Today, more options for running distributed graph database implementations are available. This geographic spread of data – whether it is held in document store, column or graph database format – means that developers can help those applications to scale faster without having to sacrifice ease of management over time.

Turning chaos into order

Alongside this ability to distribute data, another area where developers have to consider their approach to data is around populating the app with data. For Internet of Things (IoT) applications, this is particularly obvious as there is sensor data to deal with from hundreds or potentially thousands of devices, or millions if you believe the predictions from Gartner et al. All of those devices have the potential to create and send data back to a central application.

So, what can you do with all of that data?

It has to be processed sequentially in order to be accurate and valuable. With so many small transactions or updates coming through, managing this can be extremely difficult, especially when working with an app infrastructure that can be distributed.

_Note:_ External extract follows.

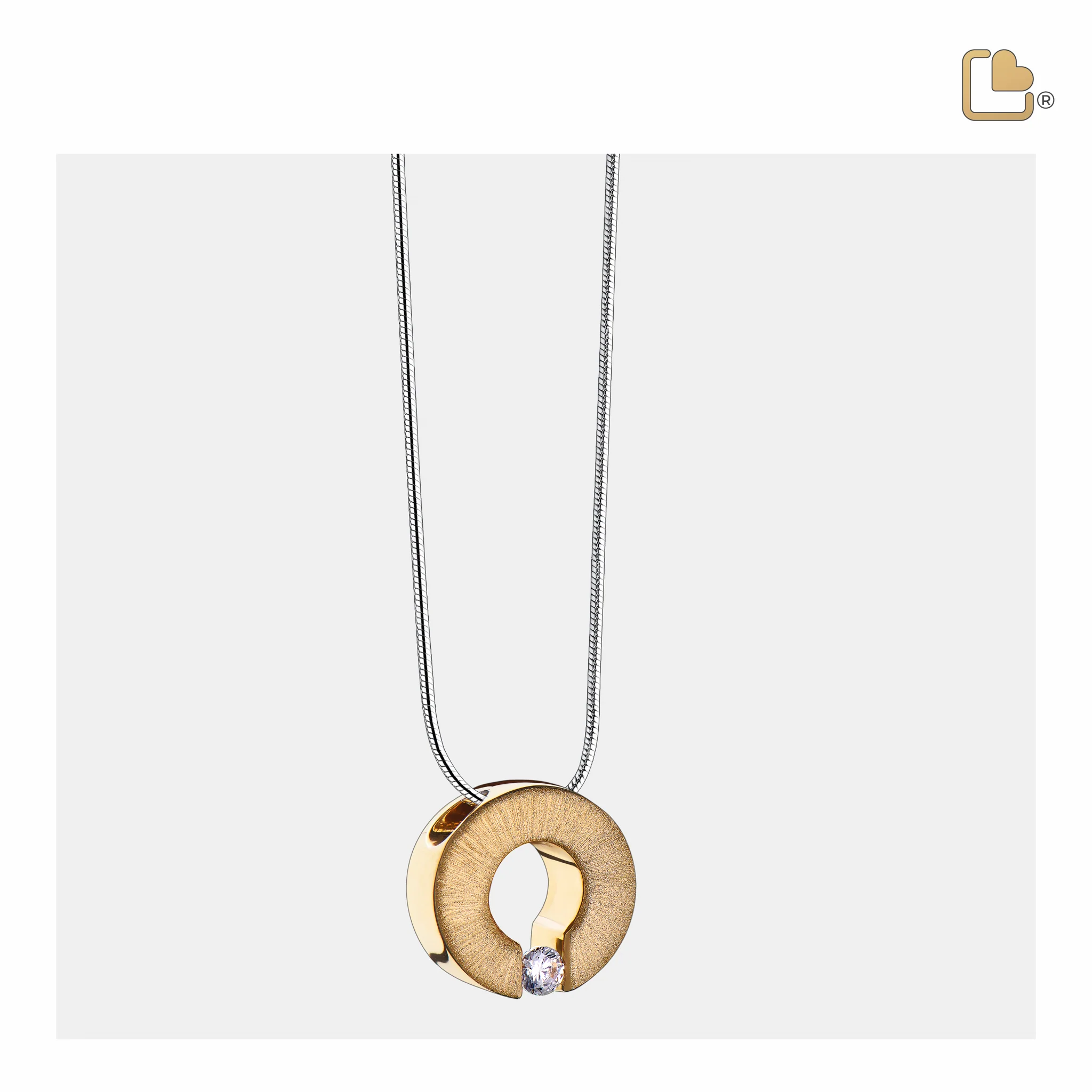 Dieser handgefertigte Ascheanhänger aus vergoldetem 925er Sterlingsilber stammt aus der exklusiven LoveUrns Treasure Kollektion. Mit einer wunderschönen, glänzenden und matten Goldoberfläche und Zirkonia-Stein.Das robuste, rhodinierte Silber macht diesen Ascheanhänger besonders widerstandsfähig, oxidationsbeständig und unempfindlich gegenüber Witterungseinflüssen. So behält er seinen Glanz und seine Eleganz lange. Der Anhänger bietet Platz für eine symbolische Menge Asche oder Haare. Er lässt sich leicht befüllen und mit einer Inbusschraube auf der Rückseite einfach verschließen.

To overcome this, streaming messaging platforms can be used. This might look like a point of centralisation, but tools like Apache Kafka can take a distributed approach to delivering streams of data. When you link this to a distributed processing and storage, you can then design for full fault-tolerance across the application.

This approach is useful when looking at real-time services – where applications have to take data and then perform analytic functions close to the transaction taking place. A recommendation engine would be a good example here, as would fraud detection.

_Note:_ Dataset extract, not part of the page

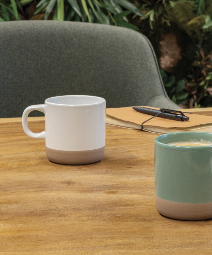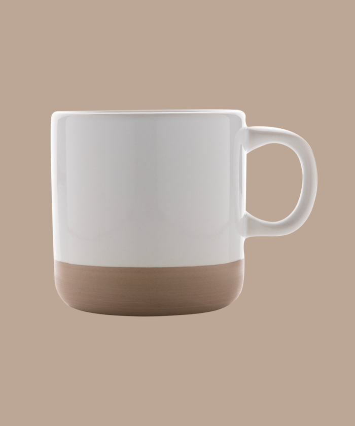 - Mug 360 ml en céramique au corps émaillé et base cuite naturelle. En raison des variations naturelles de l'argile utilisée pour la construction, chaque mug est unique. Livré dans une boîte cadeau kraft.

Testing times for distributed applications

As developers look at building new cloud applications based on these different approaches to handling data, there is one potential issue that can arise. The move to distributed computing – whether it’s using more public cloud, NoSQL databases, streaming data or a mix of all of them – does mean looking at the testing phase differently. A lot of the existing testing processes and collaboration steps that exist across the software creation process have traditional software products in mind.

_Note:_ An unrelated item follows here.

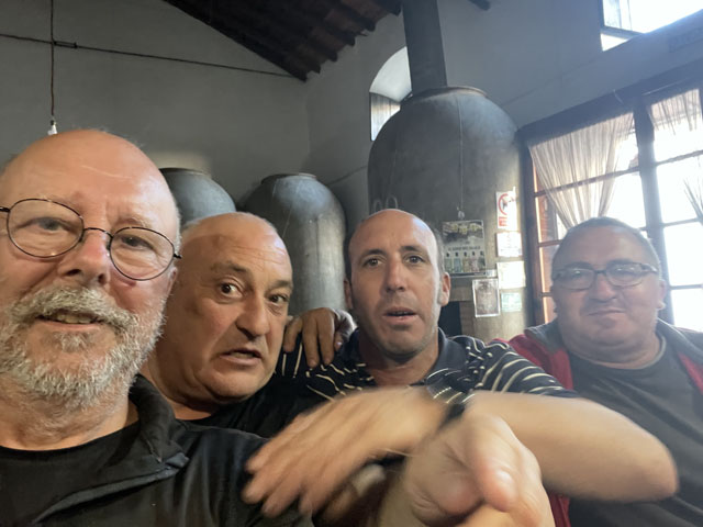 Der Kneiper hinterm Tresen sagte auf meine Frage, ob er den Schlüssel zur Herberge hat, dass er nichts davon wisse. Und die drei Männer am Tresen stürzten sich gleich verbal auf mich und meinten, dass ich weiterlaufen müsse. Ob mich denn nicht die Nachricht erreicht habe, dass die Herberge kalt und geschlossen ist. Irgendwann habe ich gemerkt, dass die mich auf den Arm nehmen und es entspann sich mittels Übersetzungsprogramm eine lustige Plauderei. Einer der drei, der angeblich erst 38 war, alberte rum und schmetterte Arien, die beiden anderen stachelten ihn immer wieder an. Ich habe Fotos gemacht und seine Singerei gefilmt. Nun war ich damit an der Reihe, die drei auf den Arm zu nehmen und ich habe ihnen erzählt, dass die Aufnahmen für das deutsche Fernsehen seien, aber vielleicht auch in Amerika ausgestrahlt werden. So nahm die Blödelei weiter ihren Lauf. Vom hiesigen Wein haben sie mir auch zu trinken gegeben und noch ein zweites Bier spendiert. Als der Wirt kleine Spieße mit Gurken und Peperoni auf den Tisch stellte, haben sie gelauert, was für ein Gesicht ich beim Essen mache. Aber so sonderlich scharf waren die Dinger gar nicht.

Instead, application requests can run on multiple sections of the stack that is put together. It’s therefore critical to rethink testing processes so that the right effort can be spent on running tests. This includes looking at performance and failure modes across all the locations that the application might be hosted at.

Alongside this, looking at how data is managed in these distributed environments in practice can help avoid some of the issues that can crop up around data being saved and accessed in multiple locations.

Marmite, so good it now comes in lipsalve form

Marmite, so good it now comes in lip-salve form

One step to take is to make the testing and monitoring distributed as well. While producing a load on your systems, create random failures in the application stack. Understand how it fails or recovers and use that data to harden your systems. Alongside this, integrating distributed monitoring tools such as Zipkin can help ensure that you have visibility from test to production.

Taken together, there are many potential opportunities to make use of new and open source components within cloud applications based on distributed computing models. However, turning this potential into production-ready services that can scale requires forward planning, experience in how to design data schema and thoughts on how to put these applications together in the ways that suit both the end users and the developer.

In order to make the most of these new data models, building up skills will be essential. Getting more experience with NoSQL and streaming – unlike Marmite – is one area where you can’t get enough of a good thing.